Please give back the listing below word for word, without the images.

**RECORDED DATA:**
====
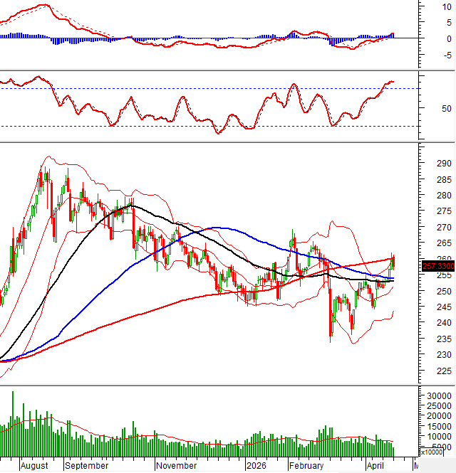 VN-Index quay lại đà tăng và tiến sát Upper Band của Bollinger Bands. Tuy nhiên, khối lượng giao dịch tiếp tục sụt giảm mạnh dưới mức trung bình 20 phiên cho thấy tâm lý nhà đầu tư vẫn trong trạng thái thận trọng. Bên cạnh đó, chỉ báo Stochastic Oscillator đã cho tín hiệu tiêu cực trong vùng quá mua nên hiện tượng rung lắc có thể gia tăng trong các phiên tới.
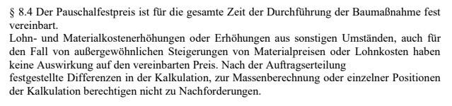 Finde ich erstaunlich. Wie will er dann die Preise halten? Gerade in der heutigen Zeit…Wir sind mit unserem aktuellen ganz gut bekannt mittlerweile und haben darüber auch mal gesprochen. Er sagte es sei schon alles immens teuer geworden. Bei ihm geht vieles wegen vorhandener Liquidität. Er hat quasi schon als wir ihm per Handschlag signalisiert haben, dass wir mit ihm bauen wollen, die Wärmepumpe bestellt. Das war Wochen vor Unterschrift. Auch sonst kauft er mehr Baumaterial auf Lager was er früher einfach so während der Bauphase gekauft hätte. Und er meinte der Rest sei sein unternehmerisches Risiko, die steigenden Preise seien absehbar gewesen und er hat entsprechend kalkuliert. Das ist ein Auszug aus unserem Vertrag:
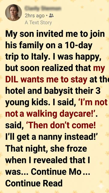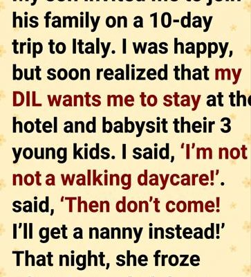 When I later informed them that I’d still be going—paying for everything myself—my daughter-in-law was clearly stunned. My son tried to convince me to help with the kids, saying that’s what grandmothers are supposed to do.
====
**RESPONSE:**
 VN-Index quay lại đà tăng và tiến sát Upper Band của Bollinger Bands. Tuy nhiên, khối lượng giao dịch tiếp tục sụt giảm mạnh dưới mức trung bình 20 phiên cho thấy tâm lý nhà đầu tư vẫn trong trạng thái thận trọng. Bên cạnh đó, chỉ báo Stochastic Oscillator đã cho tín hiệu tiêu cực trong vùng quá mua nên hiện tượng rung lắc có thể gia tăng trong các phiên tới.
 Finde ich erstaunlich. Wie will er dann die Preise halten? Gerade in der heutigen Zeit…Wir sind mit unserem aktuellen ganz gut bekannt mittlerweile und haben darüber auch mal gesprochen. Er sagte es sei schon alles immens teuer geworden. Bei ihm geht vieles wegen vorhandener Liquidität. Er hat quasi schon als wir ihm per Handschlag signalisiert haben, dass wir mit ihm bauen wollen, die Wärmepumpe bestellt. Das war Wochen vor Unterschrift. Auch sonst kauft er mehr Baumaterial auf Lager was er früher einfach so während der Bauphase gekauft hätte. Und er meinte der Rest sei sein unternehmerisches Risiko, die steigenden Preise seien absehbar gewesen und er hat entsprechend kalkuliert. Das ist ein Auszug aus unserem Vertrag:
 When I later informed them that I’d still be going—paying for everything myself—my daughter-in-law was clearly stunned. My son tried to convince me to help with the kids, saying that’s what grandmothers are supposed to do.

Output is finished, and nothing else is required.